ExBurn includes benchmark scripts in `bench/` that compare performance against plain Nx (BinaryBackend) across a range of tensor sizes. All scripts use `Mix.install/1` and can be run standalone.

## Running Benchmarks

```bash
# Tensor creation (zeros, ones, rand)
mix run bench/tensor_creation_bench.exs

# Element-wise arithmetic (add, mul, exp)
mix run bench/arithmetic_bench.exs

# Linear algebra (matmul, transpose)
mix run bench/linear_algebra_bench.exs

# Nx <-> Burn tensor conversion overhead
mix run bench/conversion_bench.exs

# End-to-end training (small/medium MLPs, optimizer comparison)
mix run bench/training_bench.exs

# Inference latency and throughput (single + batched + Nx.Serving)
mix run bench/serving_bench.exs
```

## Benchmark Design

- **Warmup**: Each benchmark runs a warmup pass before timing to account for NIF loading, GPU kernel compilation, and JIT caching.
- **Averaged measurements**: Results are averaged over multiple runs (20-50 depending on operation cost).
- **Formatted output**: Results are printed as aligned tables for easy comparison.

## Tensor Creation (`tensor_creation_bench.exs`)

Compares `Nx.broadcast/2` (for zeros/ones) and `Nx.Random.uniform/2` against `BurnBridge.zeros/1`, `BurnBridge.ones/1`, and `BurnBridge.rand/4`.

Tested shapes: `{10,10}`, `{100,100}`, `{500,500}`, `{1000,1000}`, `{100,1000}`, `{1000,100}`.

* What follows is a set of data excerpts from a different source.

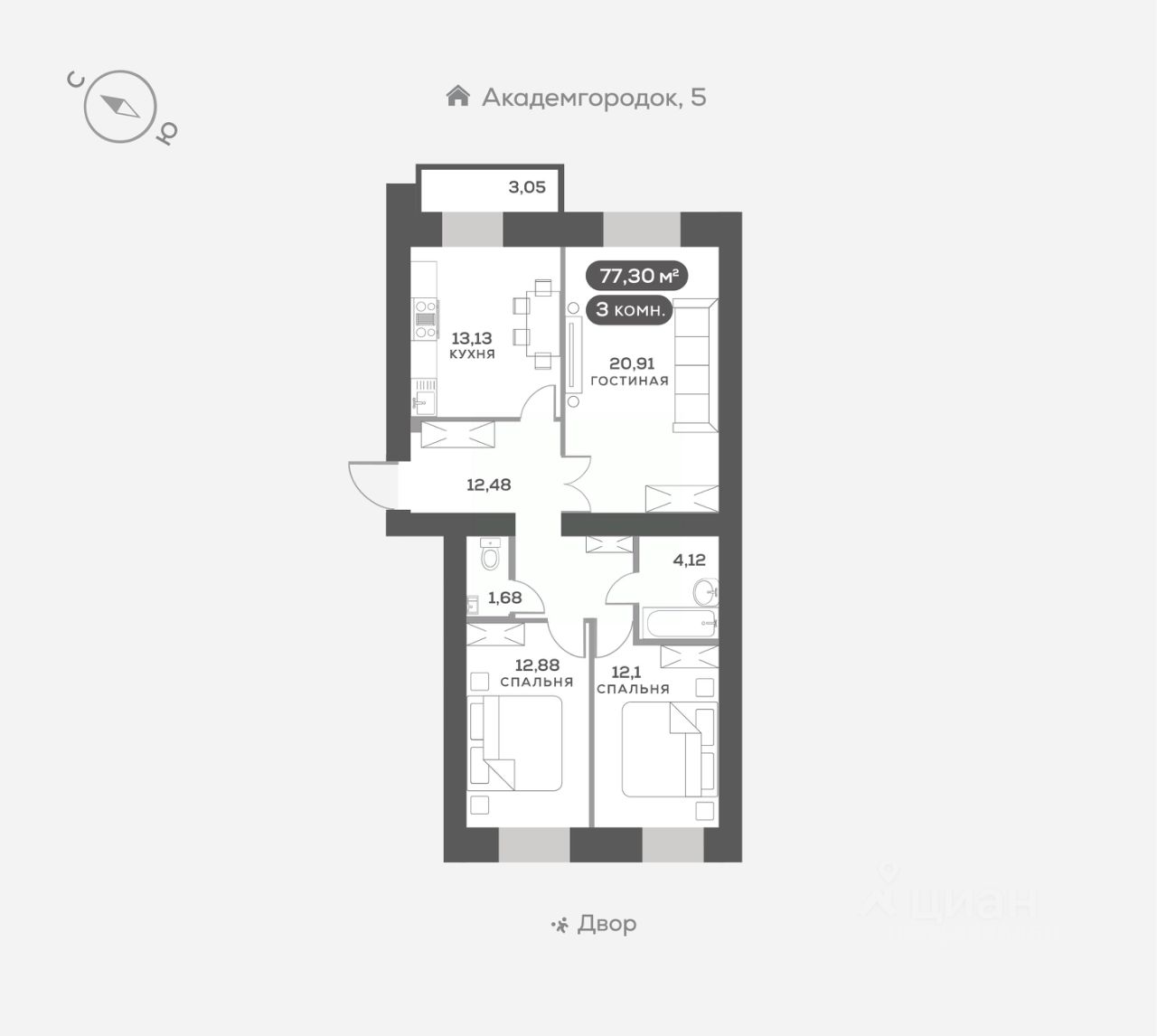 Академгородок, Дом 3, квартира 288.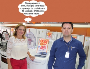 O clic é de terça-feira, quando a prefeita Regina Dubay foi prestigiar a reabertura da filial das Lojas Colombo, que teve que ser reconstruída após o incêndio do ano passado. A recepção ficou por conta do gerente Marcelo Rossi. E a pose, como deu pra ver, em em frente à seção de máquinas de lavar roupas...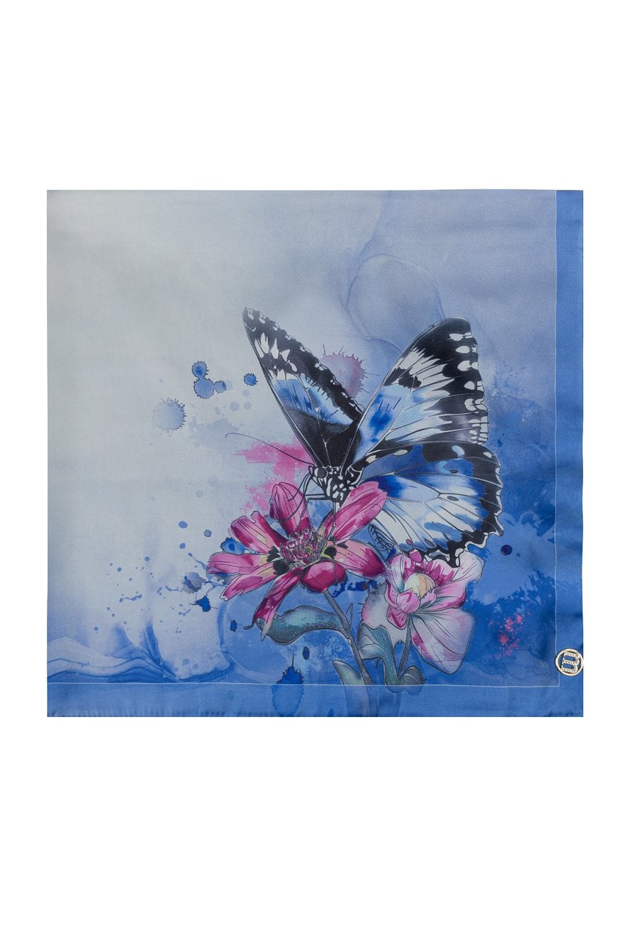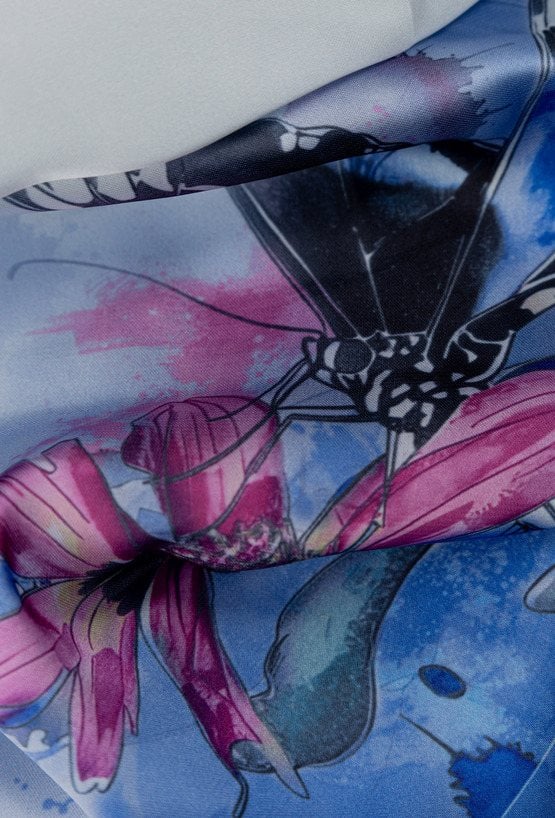 Apaszka z wyrazistym, malarskim motywem motyla i kwiatów w odcieniach niebieskiego i różu. Lekka, efektowna, przyciąga uwagę i ożywia stylizację. Idealna do wiosennych i letnich zestawów.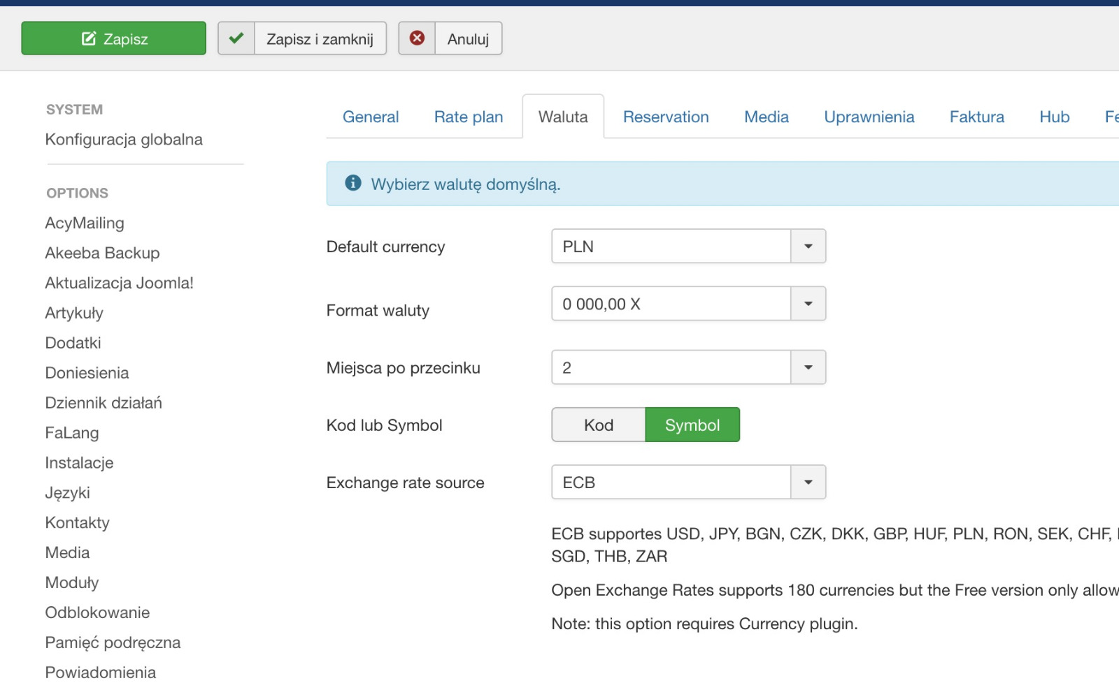 I have set default currency (PLN) and other curiences: EUR, USD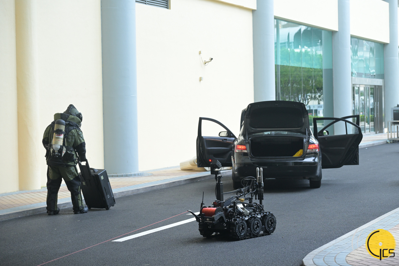 2024年大型聯合反恐演練“盤龍” - 治安警察局人員在恐怖分子車輛發現炸彈及進行排爆。
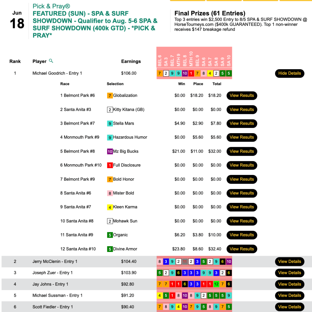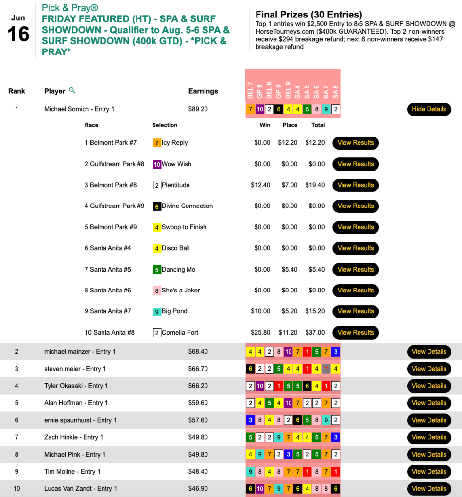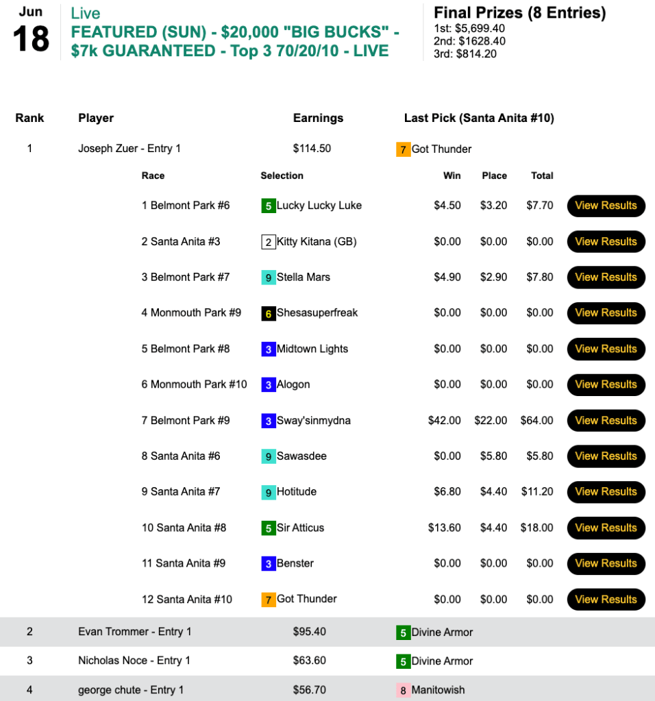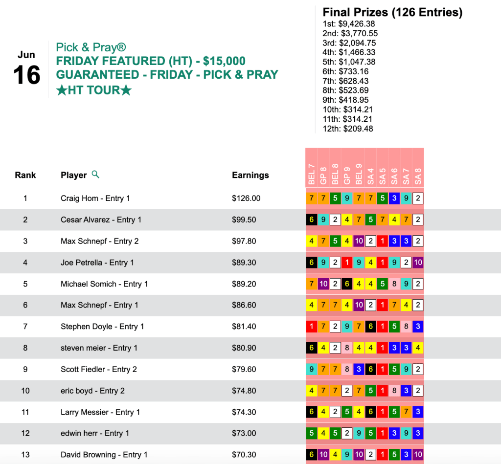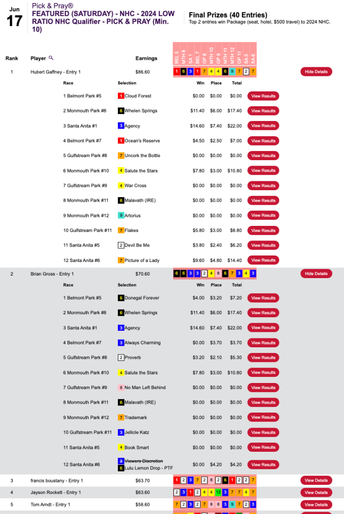 As noted earlier, Saturday wasn’t a great day for longshots, but Gaffney managed to smoke out 7 winners, including the day’s two biggest, and he emerged victorious in Saturday’s HT Tour event, our $30,000 Guaranteed Pick & Pray. Gaffney’s winner’s share came to $13,721.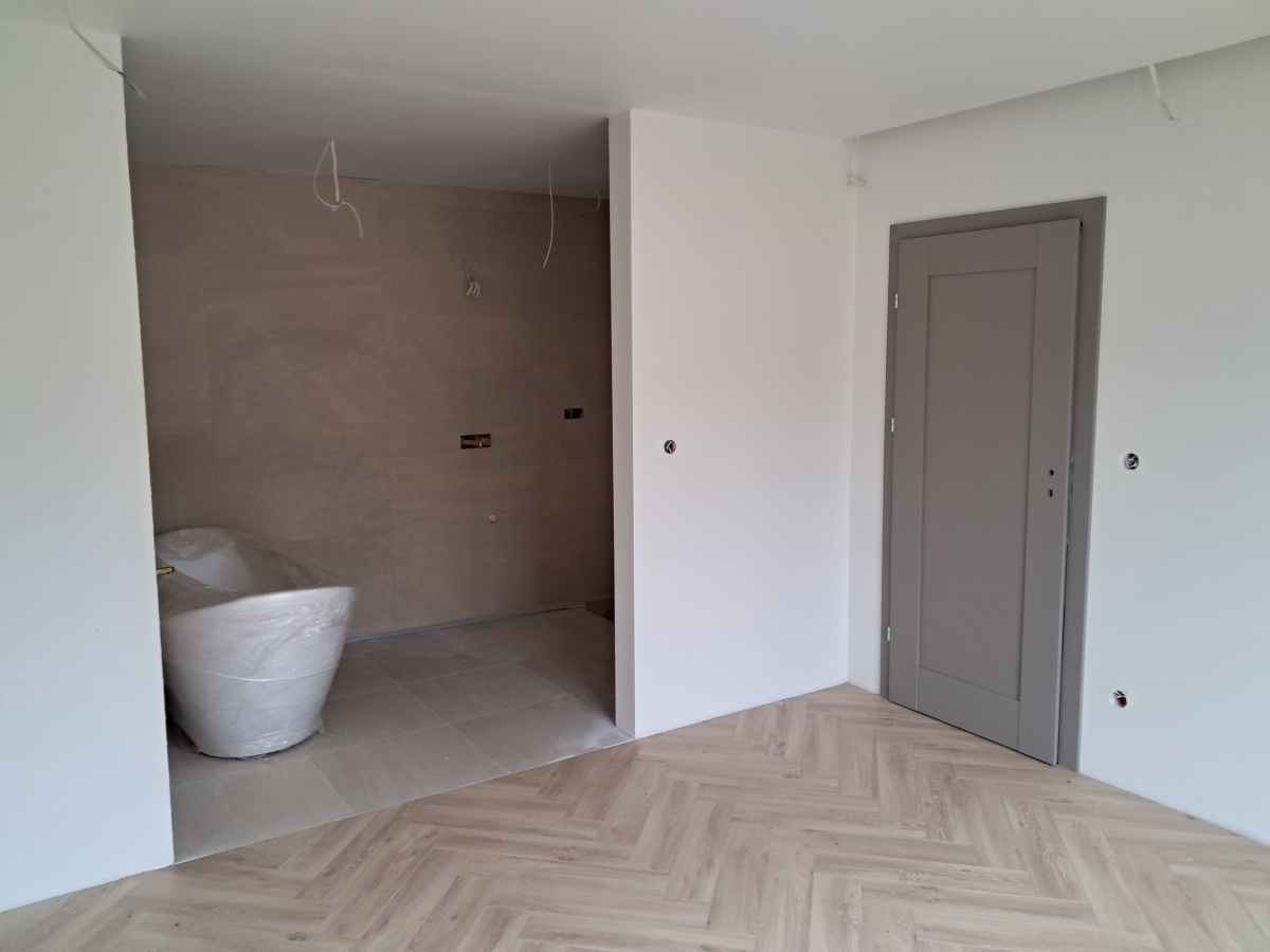 Na tą chwile po wstawieniu mebli dom nadaję się do zamieszkania. Łazienki zostały wykończone wysokogatunkowymi płytkami, na podłogach zostały położone również wysokogatunkowe panele oraz zostały zamontowane drzwi wewnętrzne marki DRE.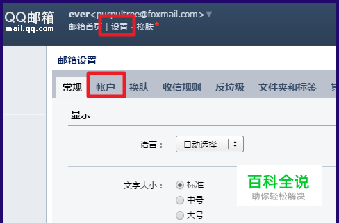 打开QQ邮箱,点击上方的【设置】-【账户】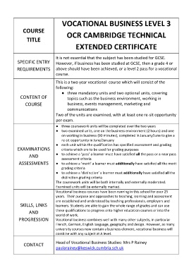 PROGRESSION Vocational business combines well with many other subjects, in particular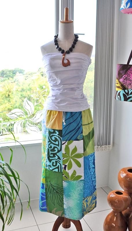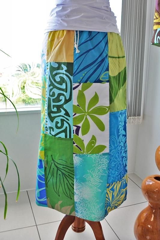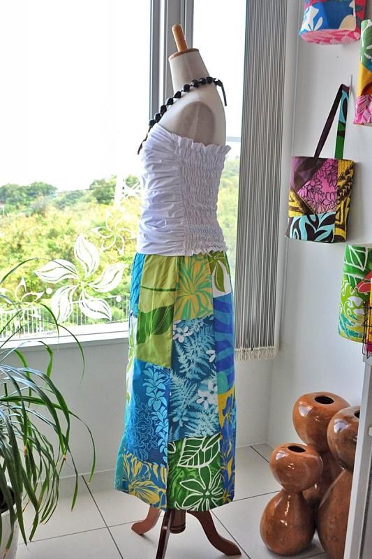 TOP > 【1点もの】 Pink Lei オリジナル/パッチドレス タイトロング ブルー&グリーン#2【送料無料】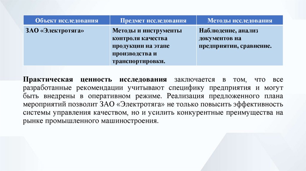 Объект исследованияЗАО «Электротяга»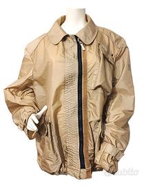Giacca Replay color beige in tessuto tecnico traslucido, leggera e robusta (80% poliammide, 20% poliuretanica), collo a camicia, 3 tasche frontali, polsino regolabile con velcro, chiusura a zip.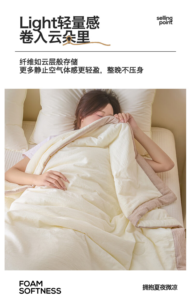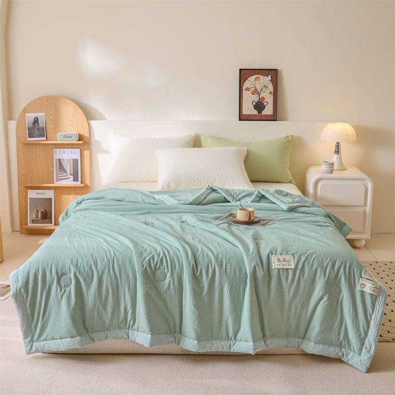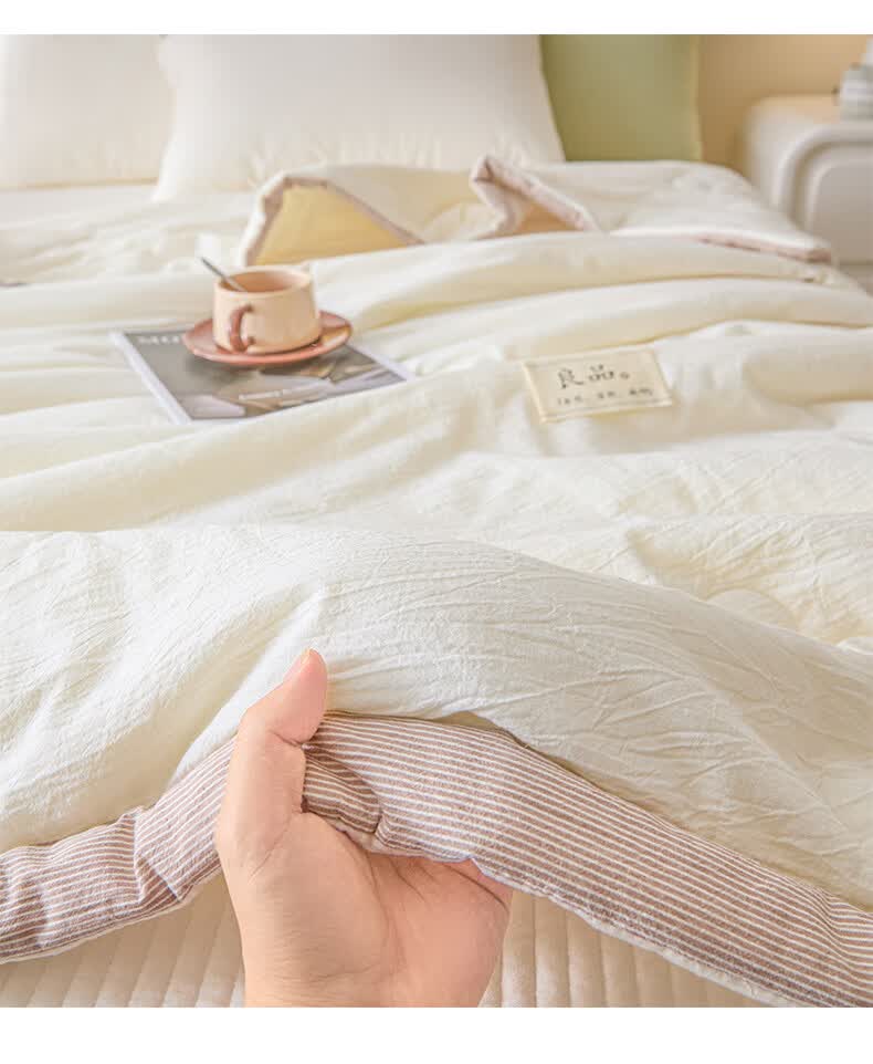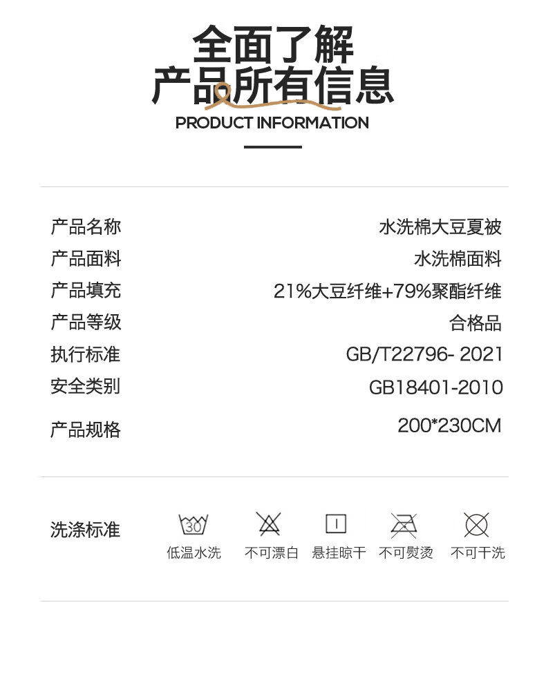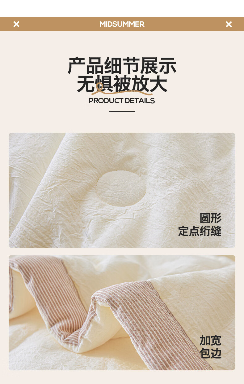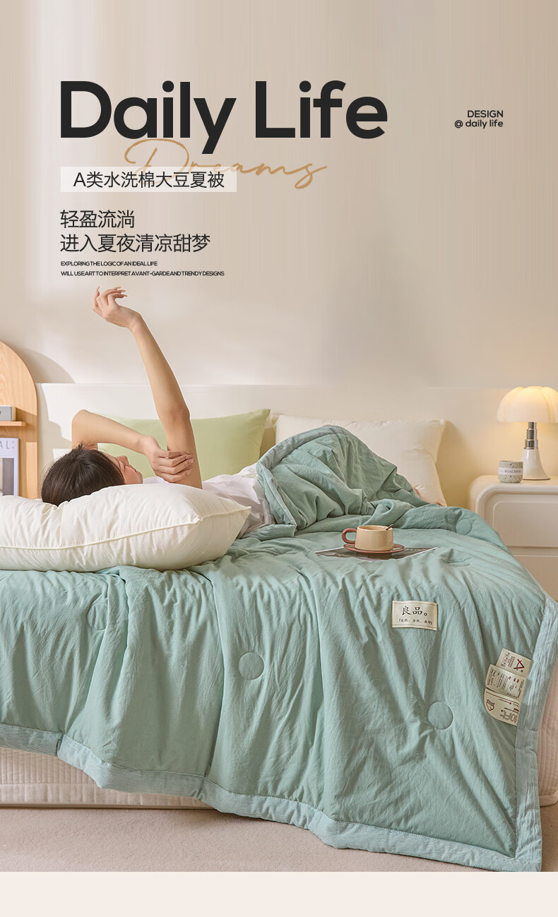 无印风亲肤水洗棉裸肤触感,满足肌肤的柔顺;触感清爽透气耐磨不伤肤四季皆可用享受舒适睡眠;健康舒适纤维,大豆蛋白加工制成媲美羊绒的柔软触感;棉的保暖性,绵软不易结团。

## Arithmetic (`arithmetic_bench.exs`)

Compares element-wise operations: `Nx.add/2`, `Nx.multiply/2`, `Nx.exp/1` against `BurnBridge.add/2`, `BurnBridge.mul/2`, `BurnBridge.exp/1`.

Tested sizes: 100×100, 500×500, 1000×1000, 2000×2000.

## Linear Algebra (`linear_algebra_bench.exs`)

Compares `Nx.dot/2` (matrix multiplication) and `Nx.transpose/1` against `BurnBridge.matmul/2` and `BurnBridge.transpose/1`.

Tested sizes: 50×50, 100×100, 250×250, 500×500, 1000×1000.

## Conversion Overhead (`conversion_bench.exs`)

Measures the cost of converting between Nx and Burn tensor formats. Reports one-way and round-trip times, plus overhead (round-trip minus sum of one-way times).

Tested shapes: `{10,10}`, `{100,100}`, `{500,500}`, `{1000,1000}`, `{2000,2000}`, `{100,5000}`, `{5000,100}`.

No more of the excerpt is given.